## Material to process
* * * * *

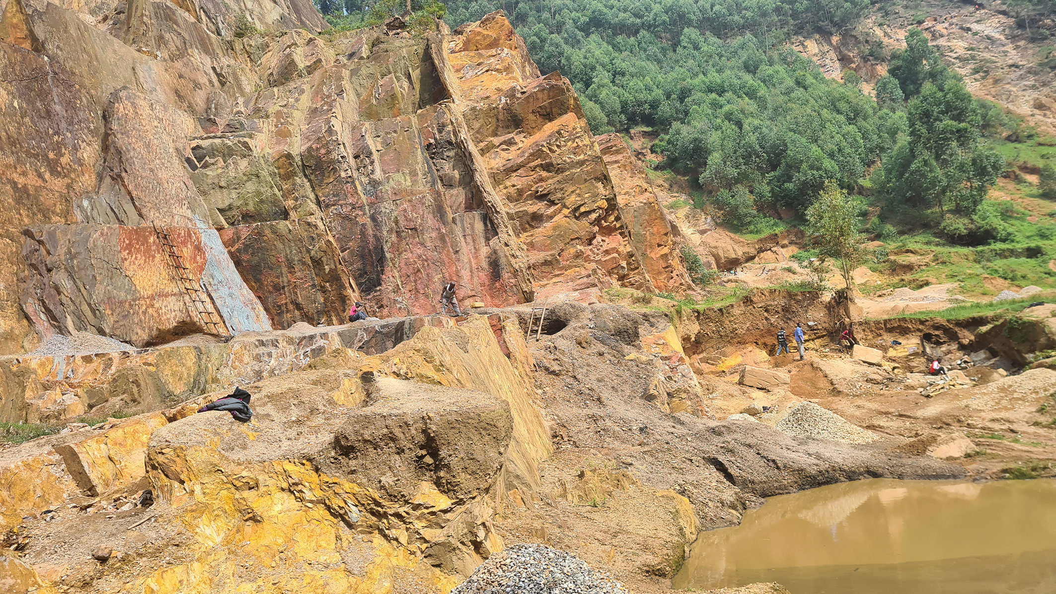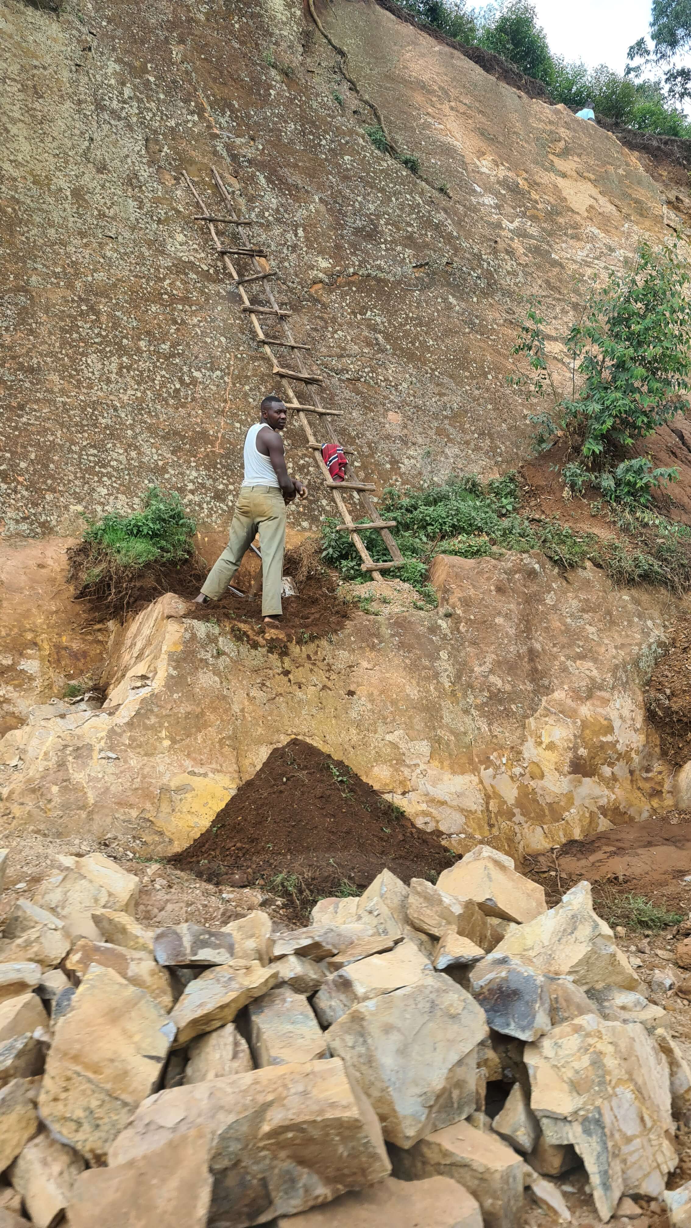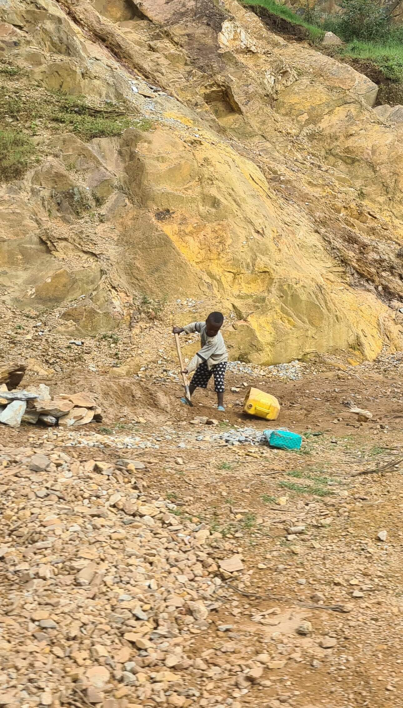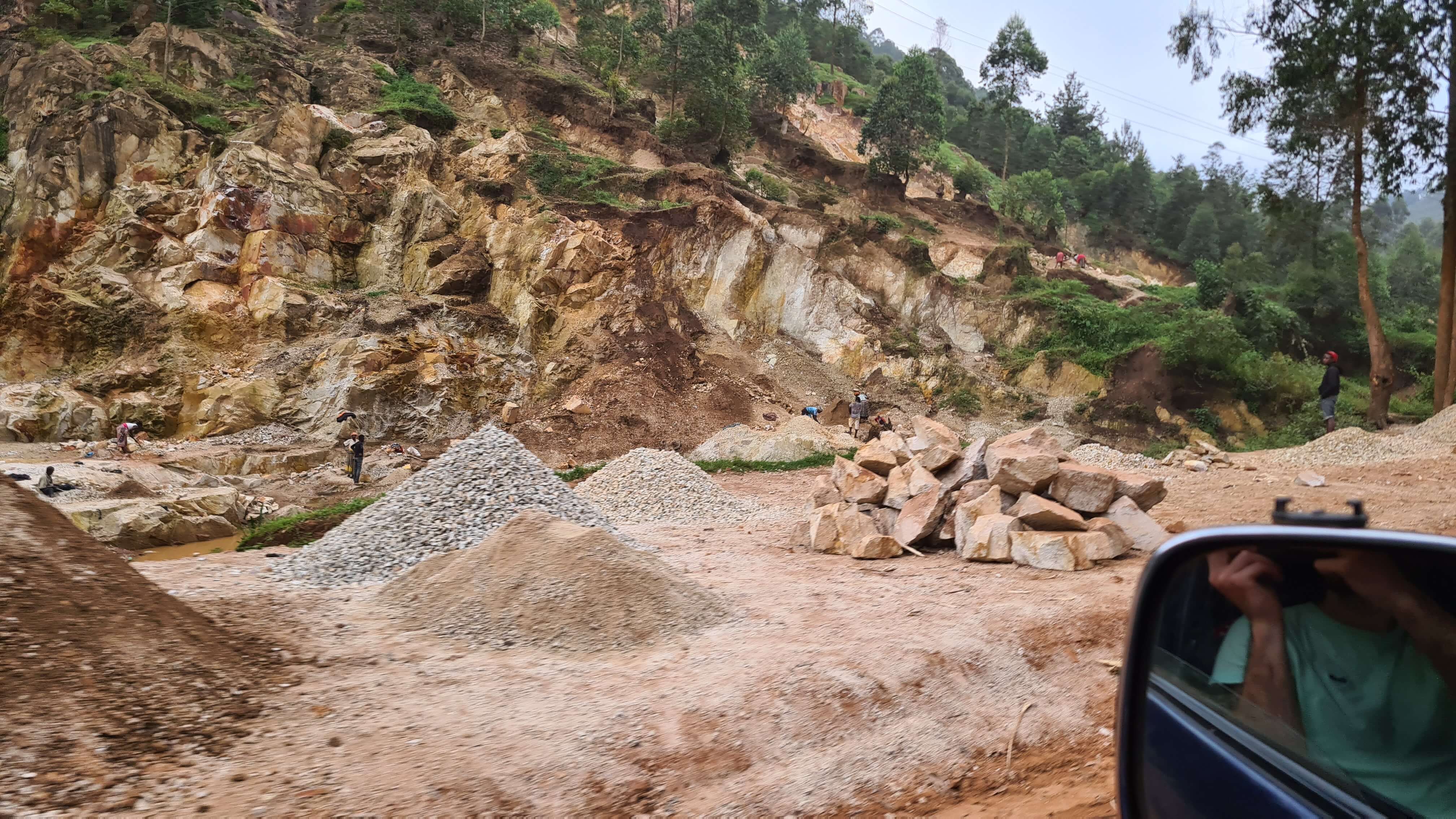 Kurz vor Kabale geht es dann wieder auf die rote Piste durch lichten Wald zum Lake Bunyonyi, vorbei an gewaltigen Steinbrüchen, in denen auch viele Kinder und Frauen Steine klopfen und zerkleinern. Wir wissen eigentlich gar nicht, was in Uganda damit gebaut wird. Die Häuser sind aus Lehm oder Ziegelsteinen und einen Straßen- oder Landschaftsbau gibt es ja nahezu nicht.
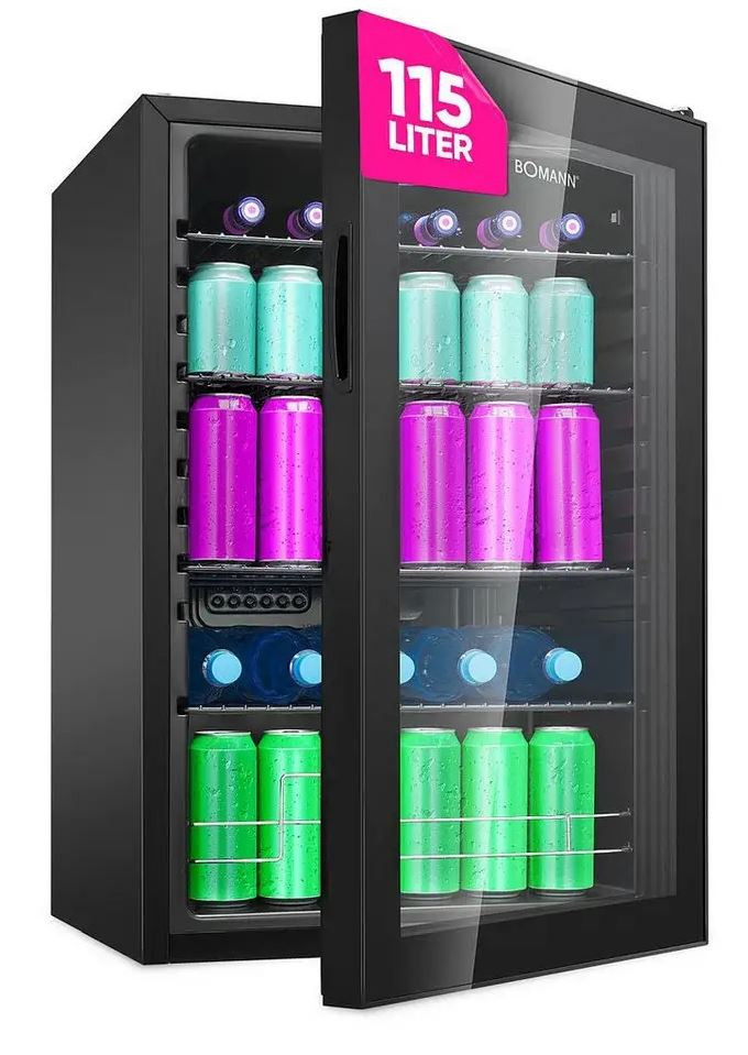 Nutzinhalt: 115 Liter, LED Innenraumbeleuchtung, separat schaltbar, Stufenlose Temperaturregelung, Temperaturbereich: +3°C ~ +18°C, 4 Gitterablagen, 6 optionale Ebenen, Getränkehalterungsbüge,l Doppelverglaste Gerätetür mit schwarzem Rahmen und eingelassenem Handgriff, Türanschlag rechts, wechselbar, Justierbare Standfüße
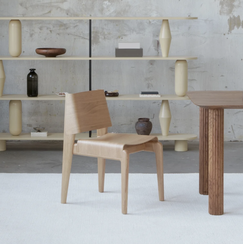 Столът UNDIA съчетава масивна дъбова рамка с меко оформени, огънати елементи от шперплат, които формират седалката и облегалката. От тези два материала се очертава единна, плавна форма с лек и деликатен характер.
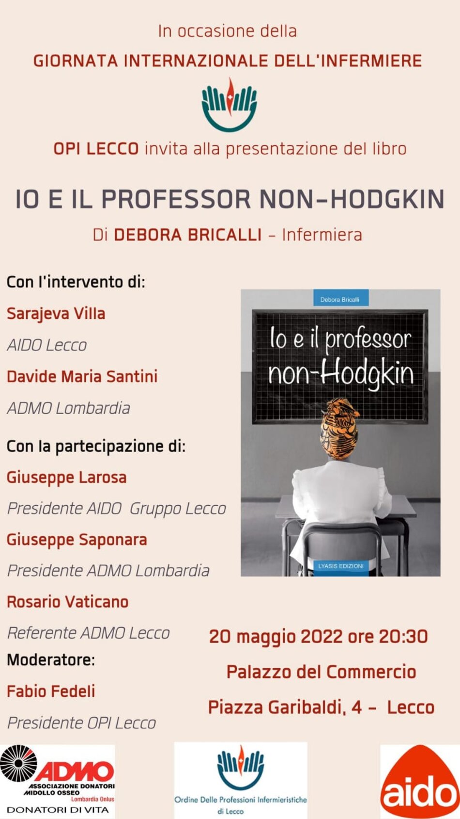 Il 12 maggio ricorre la Giornata internazionale degli Infermieri e come di consueto si susseguiranno una serie di iniziative rivolte alla cittadinanza e ai professionisti del territorio provinciale, organizzate dall’OPI (Ordine delle Professioni Infermieristiche) di Lecco. Fra queste il 20 maggio alle ore 20,30 a Lecco presso il Palazzo del Commercio, in Piazza Garibaldi 4 si terrà un incontro organizzato in sinergia con AIDO e ADMO. “Abbiamo pensato di celebrare la giornata degli infermieri rimanendo dove siamo tutti i giorni, ossia al fianco dei cittadini, promuovendo la salute” - spieg ail presidente OPI, Fabio Fedeli- “In queste settimane saremo impegnati nelle scuole con incontri di orientamento ed educazione sanitaria, sui canali social e al fianco di associazioni che si occupano di tematiche fondamentali per il bene delle comunità, facendo maggiormente conoscere il ruolo che gli infermieri hanno nella nostra società. Il 28 maggio invece si terrà un convegno per i nostri iscritti che vedrà la partecipazione di infermieri ricercatori e di colleghi neolaureati che illustreranno le più recenti evidenze scientifiche nel campo dell’assistenza infermieristica”.La serata prevede la presentazione del libro “Io e il Professor non Hodgkin” con la presenza della scrittrice Debora Bricalli. Debora è una giovane infermiera, abituata a stare in mezzoai malati di cancro, ma meno abituata ad essere lei la persona malata. Giovane, troppo giovane per pensare di essere preda di malattie così aggressive nel momento più esaltante della sua vita, la gravidanza. Al sesto mese si ritrova invece affetta da linfoma Non Hodgkin e la sua vita è capovolta. Tra momenti di inebriante gioia come la nascita della figlia, il matrimonio e i rientri a casa e momenti di sconforto, Debora riesce a ritagliarsi del tempo tutto per sé descrivendo sensazioni ed emozioni vissute nel suo percorso. I pensieri accumulati diventano un vero e proprio libro con l’intento di donare speranza a chi soffre e un contributo economico a chi si occupa di combattere queste malattie. Inoltre, l’evento verrà impreziosito da ulteriori testimonianze. Durante la serata interverranno Sarajeva Villa e Davide Maria Santini,raccontando il loro personale vissuto e promuovendo così la cultura del dono. Saranno presenti Giuseppe Larosa, referente AIDO Lecco e Rosario Vaticano,referente ADMO Lecco. Prevista anche la presenza del presidente regionale ADMO Lombardia, Giuseppe Saponara: "Per molte malattie onco-ematologiche la curanon può essere comprata, si tratta di una donazione di cellule staminaliematopoietiche che solo il gemello genetico del paziente può offrirgli.#SEIPRORPIOTU QUEL GEMELLO GENETICO? Lo puoi scoprire solo iscrivendoti al registro dei potenziali donatori, se non sei iscritto e il tuo gemello genetico ha bisogno di TE, non può trovarti in nessun modo! Sono tanti i pazienti in attesa del dono, per questo Admo Lombardia da 31 anni sensibilizza alla donazione di cellule staminali ematopoietiche presenti nel midollo osseo (che non è il midollo spinale!). Partecipa all'incontro per scoprire quant'èfacile poter regalare una speranza di vita."
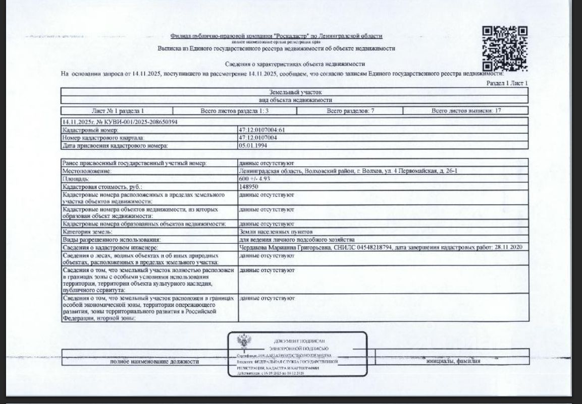 Подвергнутое аресту принадлежащее должнику Дутовой О.В. имущество: земельный участок общ.пл. 600 кв.м. кадастровый 47:12:0107004:61 категория земель - земли населенных пунктов, вид разрешенного использования для ведения личного подсобного хозяйства, расположенный по адресу: Ленинградская область, Волховский район, г. Волхов, ул. 4 Первомайская, д. 26-1. Обременение: запреты регистрационных действий ФССП, ограничения прав на земельный участок, предусмотренные ст. 56 Земельного кодекса РФ.
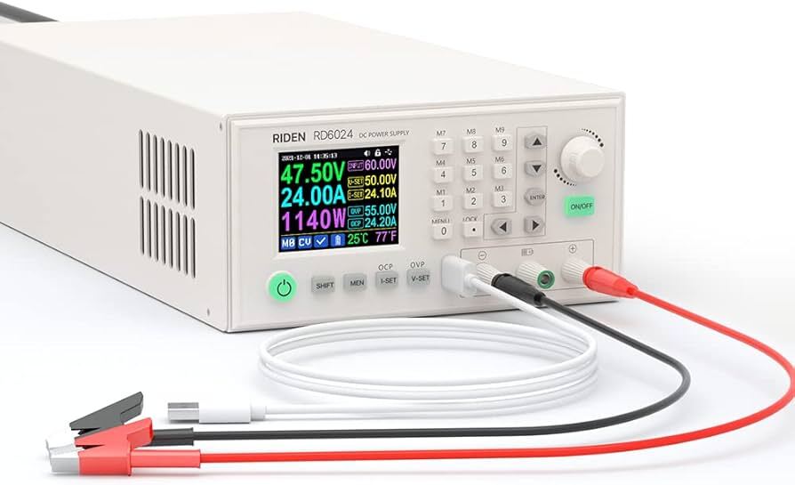 Riden RD6024 je programabilni DC napajanje visokih performansi, sa maksimalnim izlaznim naponom od 60V i strujom do 24A, što ga čini idealnim za različite laboratorijske, servisne i industrijske primene. Ovaj uređaj omogućava precizno podešavanje izlaznog napona i struje, sa visokom stabilnošću i niskim šumom. Integrisan LCD ekran prikazuje detaljne parametre, uključujući izlazni napon, struju i snagu u realnom vremenu.
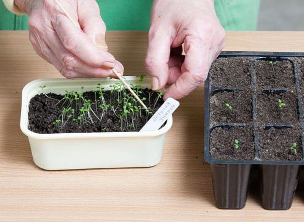 За да извършите тази процедура и да получите красиви петунии цветя на отглеждане на семена у дома, прищипването е твърде рано, но пресаждането на растението на друго място няма да навреди. Ако не пресадите, тогава в крайна сметка растенията ще започнат да приемат ценни полезни вещества един от друг, което ще доведе до смъртта на всички разсад. Така че кълновете да не потискат един друг, за всеки си струва да подчертаете малък съд с почва. За да направите мотика, не е необходимо да се прави на ръка, тъй като кълновете са твърде крехки и малки, най-добре е растенията да се трансплантират в земята с кафена лъжичка или специална шпатула за стайни растения.
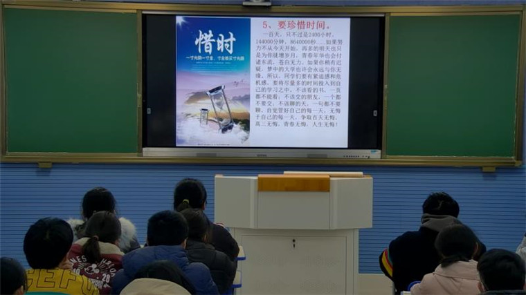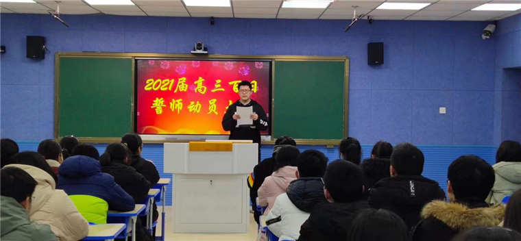 3月1日,春寒料峭,细雨霏霏。该校高三年级利用周会课通过录播形式召开疫情防控下特殊的“百日动员誓师大会”。

* * * * *

## Exercise directions
Write out each entry exactly; any pictures stay out of the copy.

## Response to this task
 Kurz vor Kabale geht es dann wieder auf die rote Piste durch lichten Wald zum Lake Bunyonyi, vorbei an gewaltigen Steinbrüchen, in denen auch viele Kinder und Frauen Steine klopfen und zerkleinern. Wir wissen eigentlich gar nicht, was in Uganda damit gebaut wird. Die Häuser sind aus Lehm oder Ziegelsteinen und einen Straßen- oder Landschaftsbau gibt es ja nahezu nicht.
 Nutzinhalt: 115 Liter, LED Innenraumbeleuchtung, separat schaltbar, Stufenlose Temperaturregelung, Temperaturbereich: +3°C ~ +18°C, 4 Gitterablagen, 6 optionale Ebenen, Getränkehalterungsbüge,l Doppelverglaste Gerätetür mit schwarzem Rahmen und eingelassenem Handgriff, Türanschlag rechts, wechselbar, Justierbare Standfüße
 Столът UNDIA съчетава масивна дъбова рамка с меко оформени, огънати елементи от шперплат, които формират седалката и облегалката. От тези два материала се очертава единна, плавна форма с лек и деликатен характер.
 Il 12 maggio ricorre la Giornata internazionale degli Infermieri e come di consueto si susseguiranno una serie di iniziative rivolte alla cittadinanza e ai professionisti del territorio provinciale, organizzate dall’OPI (Ordine delle Professioni Infermieristiche) di Lecco. Fra queste il 20 maggio alle ore 20,30 a Lecco presso il Palazzo del Commercio, in Piazza Garibaldi 4 si terrà un incontro organizzato in sinergia con AIDO e ADMO. “Abbiamo pensato di celebrare la giornata degli infermieri rimanendo dove siamo tutti i giorni, ossia al fianco dei cittadini, promuovendo la salute” - spieg ail presidente OPI, Fabio Fedeli- “In queste settimane saremo impegnati nelle scuole con incontri di orientamento ed educazione sanitaria, sui canali social e al fianco di associazioni che si occupano di tematiche fondamentali per il bene delle comunità, facendo maggiormente conoscere il ruolo che gli infermieri hanno nella nostra società. Il 28 maggio invece si terrà un convegno per i nostri iscritti che vedrà la partecipazione di infermieri ricercatori e di colleghi neolaureati che illustreranno le più recenti evidenze scientifiche nel campo dell’assistenza infermieristica”.La serata prevede la presentazione del libro “Io e il Professor non Hodgkin” con la presenza della scrittrice Debora Bricalli. Debora è una giovane infermiera, abituata a stare in mezzoai malati di cancro, ma meno abituata ad essere lei la persona malata. Giovane, troppo giovane per pensare di essere preda di malattie così aggressive nel momento più esaltante della sua vita, la gravidanza. Al sesto mese si ritrova invece affetta da linfoma Non Hodgkin e la sua vita è capovolta. Tra momenti di inebriante gioia come la nascita della figlia, il matrimonio e i rientri a casa e momenti di sconforto, Debora riesce a ritagliarsi del tempo tutto per sé descrivendo sensazioni ed emozioni vissute nel suo percorso. I pensieri accumulati diventano un vero e proprio libro con l’intento di donare speranza a chi soffre e un contributo economico a chi si occupa di combattere queste malattie. Inoltre, l’evento verrà impreziosito da ulteriori testimonianze. Durante la serata interverranno Sarajeva Villa e Davide Maria Santini,raccontando il loro personale vissuto e promuovendo così la cultura del dono. Saranno presenti Giuseppe Larosa, referente AIDO Lecco e Rosario Vaticano,referente ADMO Lecco. Prevista anche la presenza del presidente regionale ADMO Lombardia, Giuseppe Saponara: "Per molte malattie onco-ematologiche la curanon può essere comprata, si tratta di una donazione di cellule staminaliematopoietiche che solo il gemello genetico del paziente può offrirgli.#SEIPRORPIOTU QUEL GEMELLO GENETICO? Lo puoi scoprire solo iscrivendoti al registro dei potenziali donatori, se non sei iscritto e il tuo gemello genetico ha bisogno di TE, non può trovarti in nessun modo! Sono tanti i pazienti in attesa del dono, per questo Admo Lombardia da 31 anni sensibilizza alla donazione di cellule staminali ematopoietiche presenti nel midollo osseo (che non è il midollo spinale!). Partecipa all'incontro per scoprire quant'èfacile poter regalare una speranza di vita."
 Подвергнутое аресту принадлежащее должнику Дутовой О.В. имущество: земельный участок общ.пл. 600 кв.м. кадастровый 47:12:0107004:61 категория земель - земли населенных пунктов, вид разрешенного использования для ведения личного подсобного хозяйства, расположенный по адресу: Ленинградская область, Волховский район, г. Волхов, ул. 4 Первомайская, д. 26-1. Обременение: запреты регистрационных действий ФССП, ограничения прав на земельный участок, предусмотренные ст. 56 Земельного кодекса РФ.
 Riden RD6024 je programabilni DC napajanje visokih performansi, sa maksimalnim izlaznim naponom od 60V i strujom do 24A, što ga čini idealnim za različite laboratorijske, servisne i industrijske primene. Ovaj uređaj omogućava precizno podešavanje izlaznog napona i struje, sa visokom stabilnošću i niskim šumom. Integrisan LCD ekran prikazuje detaljne parametre, uključujući izlazni napon, struju i snagu u realnom vremenu.
 За да извършите тази процедура и да получите красиви петунии цветя на отглеждане на семена у дома, прищипването е твърде рано, но пресаждането на растението на друго място няма да навреди. Ако не пресадите, тогава в крайна сметка растенията ще започнат да приемат ценни полезни вещества един от друг, което ще доведе до смъртта на всички разсад. Така че кълновете да не потискат един друг, за всеки си струва да подчертаете малък съд с почва. За да направите мотика, не е необходимо да се прави на ръка, тъй като кълновете са твърде крехки и малки, най-добре е растенията да се трансплантират в земята с кафена лъжичка или специална шпатула за стайни растения.
 3月1日,春寒料峭,细雨霏霏。该校高三年级利用周会课通过录播形式召开疫情防控下特殊的“百日动员誓师大会”。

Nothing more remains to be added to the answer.